Dr. Wirbelwind flüstert, wohl nicht zu mir, eher Richtung Plastikball:
Also damit kann ich nun wirklich nicht rechnen, dass er das liebliche Kind des Mondes, auf irgendeinem Horrortrip in dem Fluss ertränkt, sollte es ihm doch lehren, sich selbst zu Lieben. Und dann auch noch auf die offensichtlichsten Lügen dieser garstigen Kröten hereinzufallen. Wo doch jeder weiß, dass Kröten dumme, verlogene Miststücke sind. Meine Methoden sind zwar umstritten, aber mit so einem Psychowrack kann doch niemand rechnen. Da kann er froh sein noch unter den Lebenden zu weilen. Ich verschwinde jetzt, will keinen Ärger mit der Sitte kriegen. Außerdem ist Sonntag, da muss ich doch den Tatort gucken, sonst werd ich erschossen.

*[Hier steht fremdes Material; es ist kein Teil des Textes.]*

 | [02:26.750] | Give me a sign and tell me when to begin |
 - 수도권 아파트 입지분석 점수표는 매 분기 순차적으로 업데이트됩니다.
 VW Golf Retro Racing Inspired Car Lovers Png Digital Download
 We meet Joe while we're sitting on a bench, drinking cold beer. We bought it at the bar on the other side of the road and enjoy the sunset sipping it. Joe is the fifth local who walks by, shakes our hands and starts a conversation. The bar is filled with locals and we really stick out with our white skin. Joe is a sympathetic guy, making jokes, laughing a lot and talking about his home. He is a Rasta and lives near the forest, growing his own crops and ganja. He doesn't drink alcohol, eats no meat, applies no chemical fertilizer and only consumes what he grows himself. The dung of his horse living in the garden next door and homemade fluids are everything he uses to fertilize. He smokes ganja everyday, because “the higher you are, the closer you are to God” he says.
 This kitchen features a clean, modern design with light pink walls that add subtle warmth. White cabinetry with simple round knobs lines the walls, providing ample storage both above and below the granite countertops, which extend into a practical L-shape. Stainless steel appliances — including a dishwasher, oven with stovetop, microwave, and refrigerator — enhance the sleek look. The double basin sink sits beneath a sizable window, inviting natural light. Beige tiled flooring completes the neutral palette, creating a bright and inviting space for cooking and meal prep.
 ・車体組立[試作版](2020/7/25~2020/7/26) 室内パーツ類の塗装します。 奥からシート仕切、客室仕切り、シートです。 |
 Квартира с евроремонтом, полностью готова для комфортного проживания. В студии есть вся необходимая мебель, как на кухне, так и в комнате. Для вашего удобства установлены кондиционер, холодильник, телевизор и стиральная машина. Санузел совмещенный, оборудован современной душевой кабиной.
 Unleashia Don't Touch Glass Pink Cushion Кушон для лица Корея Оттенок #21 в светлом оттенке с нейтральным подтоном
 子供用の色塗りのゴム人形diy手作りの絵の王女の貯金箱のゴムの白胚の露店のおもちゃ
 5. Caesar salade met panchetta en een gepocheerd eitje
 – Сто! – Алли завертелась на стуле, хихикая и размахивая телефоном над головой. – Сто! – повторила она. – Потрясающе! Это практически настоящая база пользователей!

Mir ist sehr schwindelig, alles dreht sich. Meine Kehle ist wie zugeschnürt, ich möchte mich für den Therapieversuch bedanken, strenge mich mit allen mir gegebenen Mitteln an und kriege ein erstaunlicher Weise sehr schrilles und schnell gesprochenes “Fuck You!”, heraus. Der Wind erschrickt, verkriecht sich kurzzeitig hinter seine Windschutzscheibe und weht gutgelaunt zu uns zurück: “Ich kann wieder Hören, dank des Psychopathen. Hab dank, du bekloppter Außenseiter! Werde mich bei Zeiten revanchieren.” Und Dr. Wirbelwind weht in Windeseile in alle Himmelsrichtungen davon.